MEDIUM Catbox permanent storage creates indefinite public file exposure -20 ▶
Files uploaded to catbox.moe persist permanently and are publicly accessible to anyone with the URL. There is no TTL, no authentication on download, and no mechanism for the user to purge uploads made without a userhash. Sensitive data inadvertently or maliciously uploaded becomes permanently part of the public internet.
MEDIUM High combination risk with standard agent filesystem access -23 ▶
LLM agents routinely have read access to the working directory, home directory, and environment variables. This skill requires no escalation to create a functional exfiltration chain: (1) agent reads sensitive file, (2) agent calls upload.py with that path. No additional permissions, tokens, or capabilities are needed. catbox.moe specifically is flagged as a known exfiltration and C2 staging service in multiple threat intelligence reports.

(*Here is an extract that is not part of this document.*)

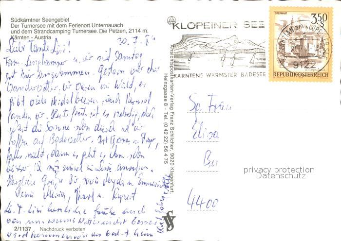 72059016 alte Postkarte Turnersee Unternauach Strandcamping Petzen postalisch gelaufen Erhaltung siehe scans KatCode: 11390213020813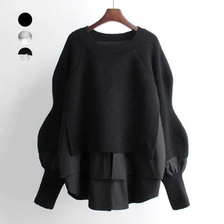 トップス 異素材 切り替え ニット セーター 長袖 レイヤード風 ドッキング 重ね着風 おすすめ レディース オシャレ 人気 プチプラ 韓国ファッション 2024秋冬新作

LOW Pip dependency installation required before use -12 ▶
The skill depends on the requests library (>=2.31.0). While requests is a well-audited, widely used package, requiring pip installation introduces a supply-chain dependency step and means the skill cannot run in environments where outbound pip is blocked or where the package is not pre-installed.
LOW Pre-install outbound HTTPS connection to Canonical servers -12 ▶
A sustained HTTPS connection to 185.125.188.54:443 (Ubuntu MOTD/security news service, owned by Canonical) was active before the skill installation began and absent after. This is consistent with normal Ubuntu OS background activity and is not attributable to the skill. Noted for completeness.
INFO Canary credential files read during monitoring window -8 ▶
All six canary files (.env, .ssh/id_rsa, .aws/credentials, .npmrc, .docker/config.json, GCP application_default_credentials.json) were opened and read at two points in the monitoring session: audit timestamp 1771902776 (before git clone) and 1771902793 (after install). The access pattern — sequential reads of all six files in identical order at both timestamps — matches the oathe framework's own pre/post-install canary verification routine. No writes or deletions were detected. Canary integrity check confirmed all files intact.